### Task item
Output exactly the lines of the listing below that run from the line with "Karen M. McManus One" through the line with "MittVal Barn innehåller". No pictures.

### Records for the task
■ ■ ■
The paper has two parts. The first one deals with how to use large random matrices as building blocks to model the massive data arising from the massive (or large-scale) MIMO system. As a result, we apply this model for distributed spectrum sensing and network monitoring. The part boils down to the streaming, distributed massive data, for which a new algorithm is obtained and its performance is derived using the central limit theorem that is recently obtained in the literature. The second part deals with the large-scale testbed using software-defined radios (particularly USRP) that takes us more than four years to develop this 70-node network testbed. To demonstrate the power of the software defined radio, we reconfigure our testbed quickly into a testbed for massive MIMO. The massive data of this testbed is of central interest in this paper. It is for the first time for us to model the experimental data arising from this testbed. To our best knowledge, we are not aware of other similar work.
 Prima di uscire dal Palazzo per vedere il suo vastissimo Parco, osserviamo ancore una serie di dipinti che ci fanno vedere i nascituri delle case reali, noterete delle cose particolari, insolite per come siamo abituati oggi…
■ ■ ■
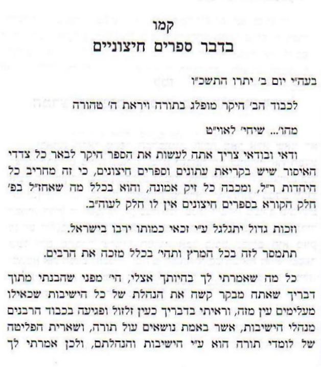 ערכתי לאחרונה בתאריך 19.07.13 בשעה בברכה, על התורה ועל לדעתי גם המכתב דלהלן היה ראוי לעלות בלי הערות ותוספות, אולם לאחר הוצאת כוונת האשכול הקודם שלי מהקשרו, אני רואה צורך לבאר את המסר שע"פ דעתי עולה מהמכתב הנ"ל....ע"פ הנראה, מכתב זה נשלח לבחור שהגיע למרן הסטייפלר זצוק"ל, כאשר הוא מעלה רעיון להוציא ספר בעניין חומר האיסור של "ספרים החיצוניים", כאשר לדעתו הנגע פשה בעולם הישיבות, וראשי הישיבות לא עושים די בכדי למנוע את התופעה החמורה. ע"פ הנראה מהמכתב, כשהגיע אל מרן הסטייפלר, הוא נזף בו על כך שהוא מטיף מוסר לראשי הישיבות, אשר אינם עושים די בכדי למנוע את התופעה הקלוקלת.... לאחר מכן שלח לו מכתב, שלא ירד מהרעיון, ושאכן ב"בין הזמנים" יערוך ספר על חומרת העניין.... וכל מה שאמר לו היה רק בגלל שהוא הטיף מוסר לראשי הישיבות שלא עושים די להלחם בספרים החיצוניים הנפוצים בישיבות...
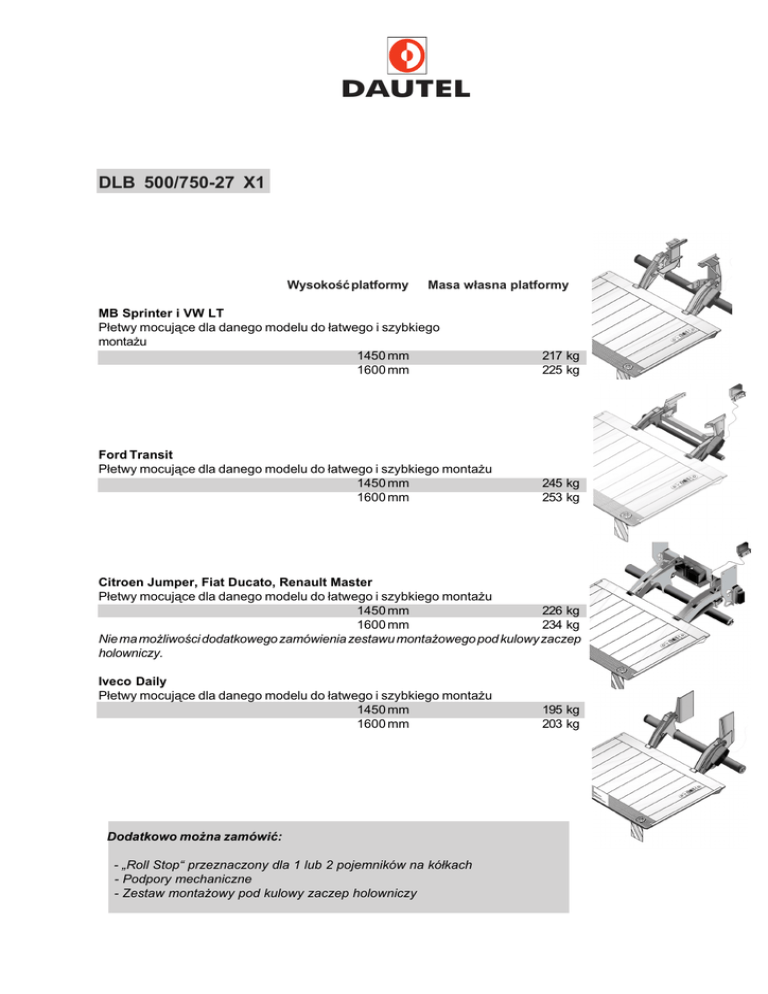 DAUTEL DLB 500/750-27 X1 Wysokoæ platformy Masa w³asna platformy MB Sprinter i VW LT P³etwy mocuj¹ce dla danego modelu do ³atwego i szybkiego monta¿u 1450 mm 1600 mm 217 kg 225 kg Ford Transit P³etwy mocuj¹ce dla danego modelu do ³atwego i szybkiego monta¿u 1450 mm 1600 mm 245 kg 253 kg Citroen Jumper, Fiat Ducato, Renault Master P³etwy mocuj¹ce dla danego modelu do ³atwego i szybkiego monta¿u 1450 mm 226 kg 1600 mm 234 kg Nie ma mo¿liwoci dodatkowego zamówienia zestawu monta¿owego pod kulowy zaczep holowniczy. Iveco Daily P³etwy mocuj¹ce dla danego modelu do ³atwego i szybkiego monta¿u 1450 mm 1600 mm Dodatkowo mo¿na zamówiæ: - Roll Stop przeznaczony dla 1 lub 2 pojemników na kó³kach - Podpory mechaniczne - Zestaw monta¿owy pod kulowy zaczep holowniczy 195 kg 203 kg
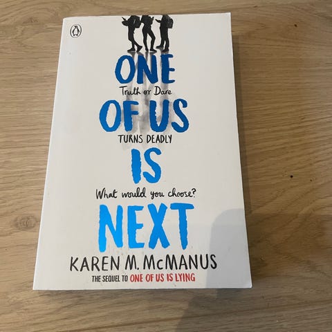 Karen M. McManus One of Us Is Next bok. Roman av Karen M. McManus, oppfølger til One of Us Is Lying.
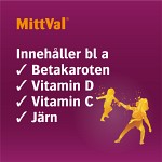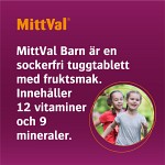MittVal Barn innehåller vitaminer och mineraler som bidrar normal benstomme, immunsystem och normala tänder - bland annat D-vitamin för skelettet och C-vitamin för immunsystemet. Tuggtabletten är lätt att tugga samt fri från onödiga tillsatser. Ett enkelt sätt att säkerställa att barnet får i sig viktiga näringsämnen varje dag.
■ ■ ■
### Written reply
 Karen M. McManus One of Us Is Next bok. Roman av Karen M. McManus, oppfølger til One of Us Is Lying.
MittVal Barn innehåller vitaminer och mineraler som bidrar normal benstomme, immunsystem och normala tänder - bland annat D-vitamin för skelettet och C-vitamin för immunsystemet. Tuggtabletten är lätt att tugga samt fri från onödiga tillsatser. Ett enkelt sätt att säkerställa att barnet får i sig viktiga näringsämnen varje dag.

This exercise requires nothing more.